Джон представил себе задавшего этот вопрос убийцу маленьких девочек, закованного в кандалы, его кривую саркастическую ухмылку, насмешливый блеск в глазах. Он не видел в этом человеке даже намека на мизерный лучик раскаяния. Это был монстр. Почему-то, хоть это было и несправедливо, Джон подумал о Трее: он стал таким же заложником своей натуры.
– Бог начинается здесь, – ответил он.
Если те пороки, с которыми он сталкивался тут каждый день, поколебали его уверенность, что заложенная в человеке доброта должна в конце концов взять верх над злом, его вера в то, что Бог мог допустить это, ни разу не дрогнула. В этом мире определенно было не все в порядке, но на Небесах все равно есть Господь. И миссия Джона заключалась в том, чтобы помочь людям увидеть это через благодать Божью. Если человек по-настоящему хочет этого, в нем найдутся силы изменить в себе все греховное даже в тюрьме, с ее жестокостью и тюремными бандами, где росткам добра так же трудно пробиться наружу, как подсолнуху взойти на свалке токсичных отходов.

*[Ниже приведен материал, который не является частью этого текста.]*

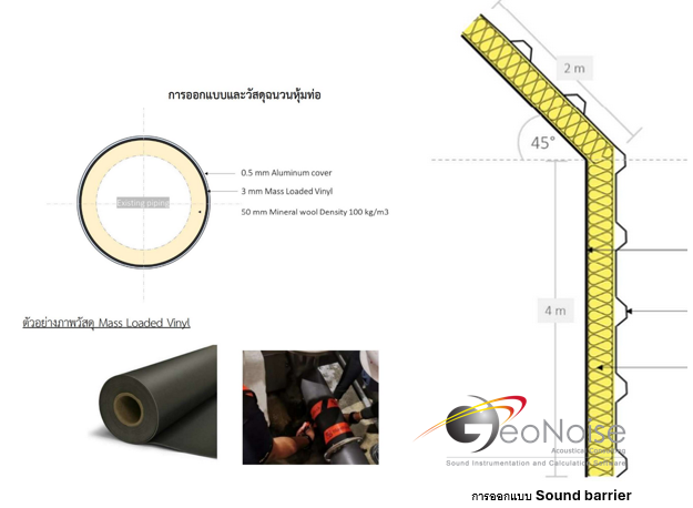 จากการประเมินประสิทธิภาพควบคู่กับความคุ้มค่าทางการลงทุน ทางเราได้เสนอแนวทางการหุ้มฉนวนบริเวณปล่องระบาย (Stack) เป็นมาตรการอันดับแรก เนื่องจากเป็นแหล่งกำเนิดเสียงหลัก (Dominant Noise Source) อย่างไรก็ตาม ระดับเสียงรบกวนที่ตรวจวัดได้ในชุมชนมีค่าเฉลี่ยสูงกว่าฉากหลังอยู่ประมาณ 14 dBA และมีแนวโน้มจะสูงขึ้นในช่วงเวลากลางคืน ดังนั้นการหุ้มฉนวนเฉพาะ Stack อาจไม่เพียงพอและยังมีความเสี่ยงที่จะเกิดการร้องเรียนได้ในอนาคต
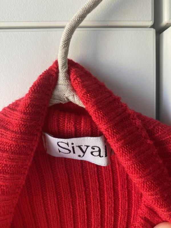 Красная водолазка с интересным вырезом спереди от бренда Siyai (второе по-другому называется). Очень приятный к телу, просто пирышко. Будет классно смотреться с белым низом.

Он выполнял свои обязанности священника уже почти год, когда однажды хозяйка его квартиры сообщила ему о нежданном посетителе.
– Это врач, – сказала она. – Она ожидает вас в гостиной. Вы что, заболели, отец?
«Лаура Райнлендер, нейроонколог», – прочитал он на визитке. Имя показалось ему знакомым. Ну конечно же, это подруга детства Кэти из Санта-Круз. Он знал, что они с Кэти до сих пор переписываются, и гордился тем, что Кэти продолжала поддерживать связь с подругой, посвятившей себя воплощению в жизнь их общей мечты. Он вспомнил, что медицинской специализацией Лауры стала диагностика и лечение опухолей головного мозга, и, как сказала ему Кэти, Лаура была весьма известным специалистом в этой области. Она даже предлагала ему навестить ее, поскольку практика у той была недалеко, в Сан-Диего, но одно упоминание о городе, где за местных «Чарджерс» играл Трей, вызывала во рту у Джона неприятный привкус. Должно быть, это Кэти дала подруге его адрес. Она будет в восторге, что Лаура сама взяла на себя инициативу встретиться с ним.
Он хотел было снять свой сюртук со стоячим воротником и переодеть сорочку, но ему не терпелось поскорее увидеть человека, который знал Кэти и никак не был связан с тюрьмой.
– Нет, я не болен, – сказал Джон своей хозяйке. – Это просто друг моего друга.
Полный приятных ожиданий, он вошел в гостиную.
– Лаура? – обратился он к гостье, стоявшей у окна.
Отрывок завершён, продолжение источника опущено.